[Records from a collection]
____
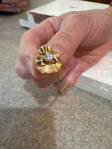 Gold-Tone Floral Stick Pin with Faux Diamond
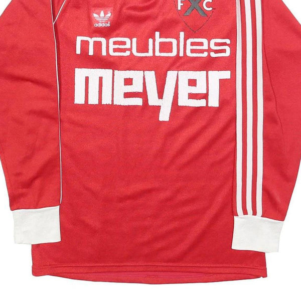 Adidas mens red white classic football shirt long sleeve collared polyester m
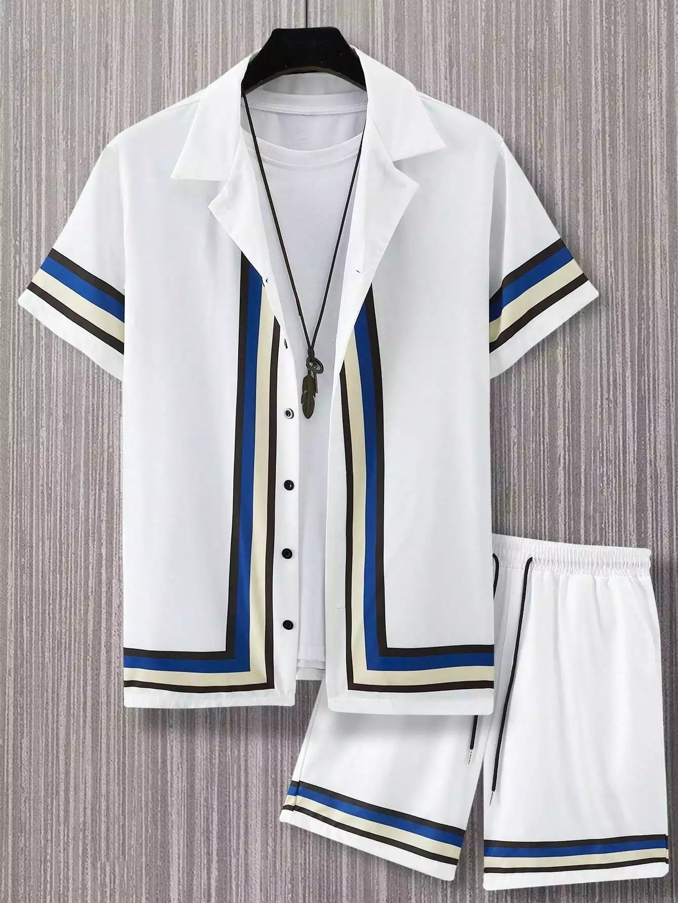 CORDS BLUE BORDER Design Mens Half Sleeves Premium Cords Cotton Material
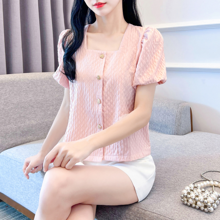 RM18507#夏季新款设计感小香风方领衬衣泡泡袖雪纺衫上衣女
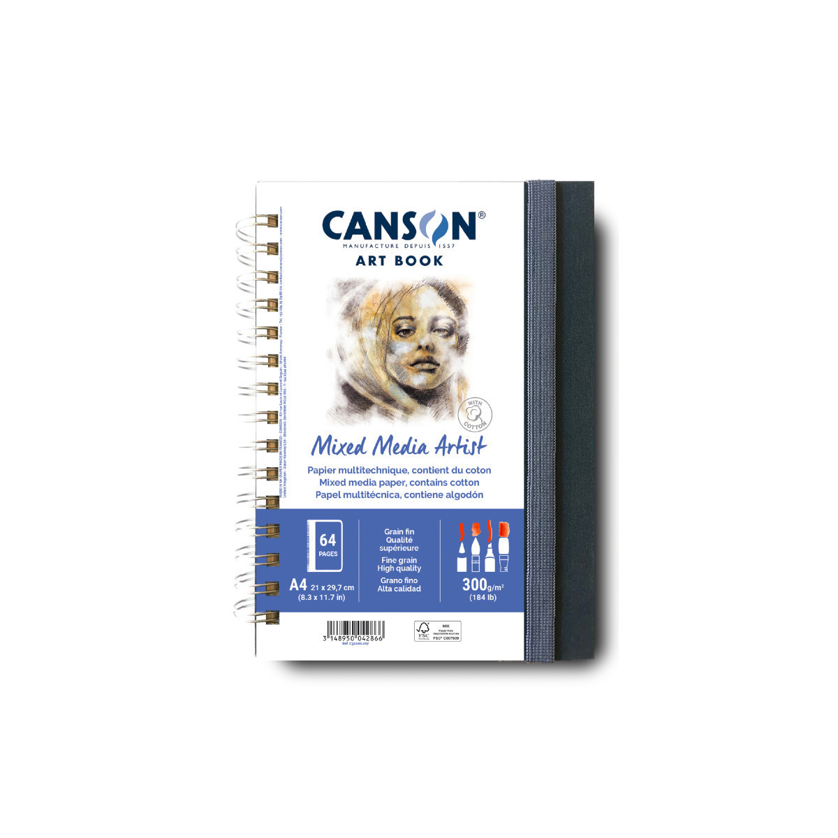 Canson Artist Series Mixed Media Art Book, Fabric Cover, Side Wire Binding, 56 Sheet, 8.3x11.7 inch
____
Quote, without alteration, the lines running from the line containing "Adidas mens red" to the last line of the entries, and include no pictures.

 Adidas mens red white classic football shirt long sleeve collared polyester m
 CORDS BLUE BORDER Design Mens Half Sleeves Premium Cords Cotton Material
 RM18507#夏季新款设计感小香风方领衬衣泡泡袖雪纺衫上衣女
 Canson Artist Series Mixed Media Art Book, Fabric Cover, Side Wire Binding, 56 Sheet, 8.3x11.7 inch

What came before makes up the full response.